I have a text file, textfile.qdp:
Line to skip 1
Line to skip 2
Line to skip 3
1.25 0.649999976 2.24733017E-2 2.07460159E-3 3.01663446 1.89463757E-2 1.48296626E-2 2.98285842
2.0999999 0.199999988 7.33829737E-2 6.63989689E-3 3.48941302 3.8440533E-2 6.34965161E-3 3.44462299
2.5 0.200000048 0.118000358 8.37391801E-3 2.64556909 3.93543094E-2 6.16234308E-3 2.60005236
2.9000001 0.199999928 0.145619139 9.26280301E-3 2.56852388 4.85827066E-2 6.0398886E-3 2.51390147
3.29999995 0.200000048 0.167878062 9.94068757E-3 2.46484375 5.69529012E-2 6.81256084E-3 2.40107822
3.70000005 0.200000048 0.175842062 1.01562217E-2 2.28405786 6.24930188E-2 8.10874719E-3 2.21345592
4.10000038 0.200000048 0.181325018 1.03028165E-2 2.02467489 6.38177395E-2 1.2183371E-2 1.94867384
4.5 0.199999809 0.157546207 9.59824398E-3 1.76375055 6.11177757E-2 6.072836E-2 1.64190447
4.94999981 0.25 0.156071633 8.54758453E-3 1.51925421 5.52904457E-2 0.149736568 1.3142271
5.5 0.300000191 0.125403479 6.9860979E-3 1.52551162 4.61589135E-2 0.511757791 0.967594922
6.10000038 0.299999952 9.54503566E-2 6.10219687E-3 3.56054449 3.59460302E-2 2.85172343 0.672874987
6.86499977 0.464999914 5.7642214E-2 3.80936684E-3 4.10104704 2.42055673E-2 3.67026114 0.406580269
8.28999996 0.960000038 2.10143197E-2 1.60136714E-3 0.142320022 8.9181494E-3 6.96837786E-4 0.132705033
9.48999977 0.239999771 5.72929019E-3 1.6677354E-3 3.82030606E-2 2.56266794E-3 4.94769251E-4 3.51456255E-2
4.13999987 1.99999809E-2 2.47749758 4.67826687E-2 30.4350224 0.973279834 0.754008532 28.7077332
4.17999983 1.99999809E-2 2.44065595 4.64052781E-2 30.5456734 0.99132967 0.677066088 28.8772774
4.21999979 1.99999809E-2 2.4736743 4.67251018E-2 30.8877811 1.01084304 0.807663918 29.0692749
4.26000023 2.00002193E-2 2.48481822 4.68727946E-2 30.9508438 1.02374947 0.834929705 29.092165
4.30000019 1.99999809E-2 2.54010344 4.73690033E-2 31.119503 1.03903878 0.93061626 29.1498489
4.34000015 1.99999809E-2 2.49571872 4.69326451E-2 31.1599998 1.05370748 0.892735004 29.2135563
4.38000011 1.99999809E-2 2.58409572 4.77907397E-2 31.367794 1.06788957 1.05168498 29.2482204
4.42000008 1.99999809E-2 2.6437602 4.83172201E-2 31.5764256 1.08456028 1.1402396 29.3516254
4.46000004 1.99999809E-2 2.65394902 4.84031737E-2 31.5579567 1.09554553 1.1519351 29.3104763
4.5 1.99999809E-2 2.62269425 4.81106751E-2 31.644083 1.11161876 1.12954116 29.4029236
Each column is a different parameter value, and the text file includes several datasets that, in the end, I want to plot with, e.g., different colors. A new line in the text file marks a different set.
import pandas as pd
import matplotlib as plt
names = ['e', 'de', 'y', 'y_err', 'total', 'model1', 'model2', 'model3']
for j in range(8):
names.append('model%i' %j)
df = pd.read_table('textfile.qdp', skiprows=3, names=names, delimiter=' ', skip_blank_lines=True)

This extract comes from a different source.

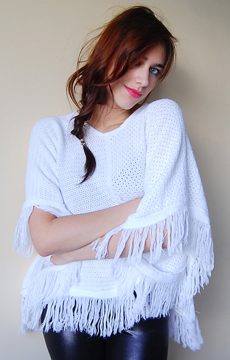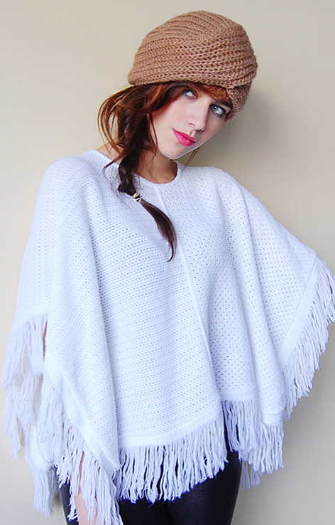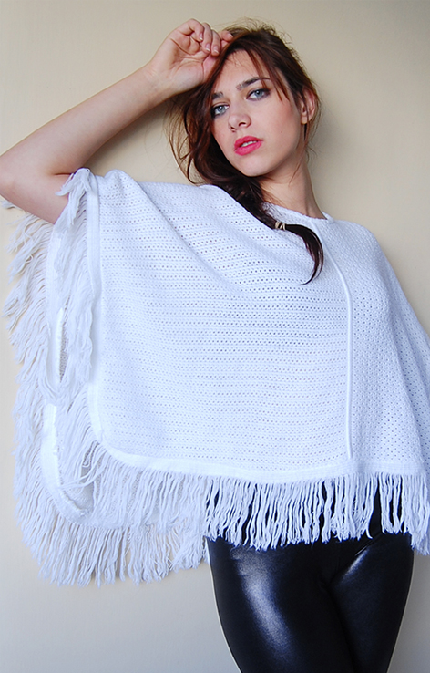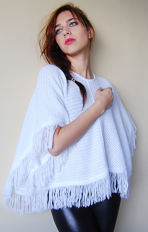 Białe dzianinowe ponczo z frędzlami

fig, ax = plt.subplots(figsize=(10, 6))
ax.errorbar(df.e, df.y, xerr=df.de, yerr=df.y_err, fmt='o', label='data') # Here I want to plot different dfs
How do I do that with Pandas? I think it is related to this question where:
dfs = {
k: pd.read_csv(pd.io.common.StringIO('\n'.join(dat)), delim_whitespace=True)

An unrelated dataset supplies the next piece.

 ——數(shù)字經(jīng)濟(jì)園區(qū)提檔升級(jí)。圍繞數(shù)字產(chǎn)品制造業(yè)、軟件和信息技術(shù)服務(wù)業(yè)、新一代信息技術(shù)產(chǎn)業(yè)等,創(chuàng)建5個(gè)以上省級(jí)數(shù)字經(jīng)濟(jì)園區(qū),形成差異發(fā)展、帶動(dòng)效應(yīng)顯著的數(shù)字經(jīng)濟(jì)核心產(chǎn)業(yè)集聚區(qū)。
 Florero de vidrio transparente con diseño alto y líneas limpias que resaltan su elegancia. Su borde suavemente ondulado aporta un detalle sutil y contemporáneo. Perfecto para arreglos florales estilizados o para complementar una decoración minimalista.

for k, *dat in map(str.splitlines, open('my.csv').read().split('\n\n'))
}
but I am not sure how this translates with read_table (also *dat returns Invalid syntax).

You could do it this way:
First the basics (note that you should call matplotlib.pyplot and not matplotlib to access the .subplots function at the end):
import pandas as pd
import matplotlib.pyplot as plt
import io
names = ['e', 'de', 'y', 'y_err', 'total']
for j in range(8):
names.append('model%i' %j)
Keep your arguments of the read_table stored:
kwargs = {
"names":names,
"delimiter":' ',
"skip_blank_lines":True
}
Read and store the content of your files, skipping the rows not needed:
skiprows=3
with open('textfile.qdp') as f:
collect_lines_as_list = f.readlines()
selected_lines = collect_lines_as_list[skiprows:]

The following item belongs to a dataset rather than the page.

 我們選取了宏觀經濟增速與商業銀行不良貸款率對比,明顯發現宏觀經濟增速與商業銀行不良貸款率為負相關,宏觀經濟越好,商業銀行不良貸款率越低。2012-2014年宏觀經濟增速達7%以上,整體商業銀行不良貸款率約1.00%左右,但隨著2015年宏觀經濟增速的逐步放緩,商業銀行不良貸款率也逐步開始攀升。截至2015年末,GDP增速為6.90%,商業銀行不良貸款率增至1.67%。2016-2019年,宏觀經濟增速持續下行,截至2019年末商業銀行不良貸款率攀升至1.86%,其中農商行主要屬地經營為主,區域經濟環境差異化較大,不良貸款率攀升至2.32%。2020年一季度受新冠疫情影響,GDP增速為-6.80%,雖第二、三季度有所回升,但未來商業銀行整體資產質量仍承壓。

content = "".join(selected_lines) # Join all lines to get one string only
Then split the content on blank lines (that is, two successive line return) and store it in a temp StringIO to recreate an object that Pandas will manage. Using dict comprehension (quite the same as the other answer you linked), you can collect all data in one shot:
dfs = {
k: pd.read_table(io.StringIO(data), **kwargs)
for k, data
in enumerate(content.split('\n\n'))
}
The plot your dataframes the way you want (by iterating through your dict values):
fig, axs = plt.subplots(len(dfs), figsize=(10, 6))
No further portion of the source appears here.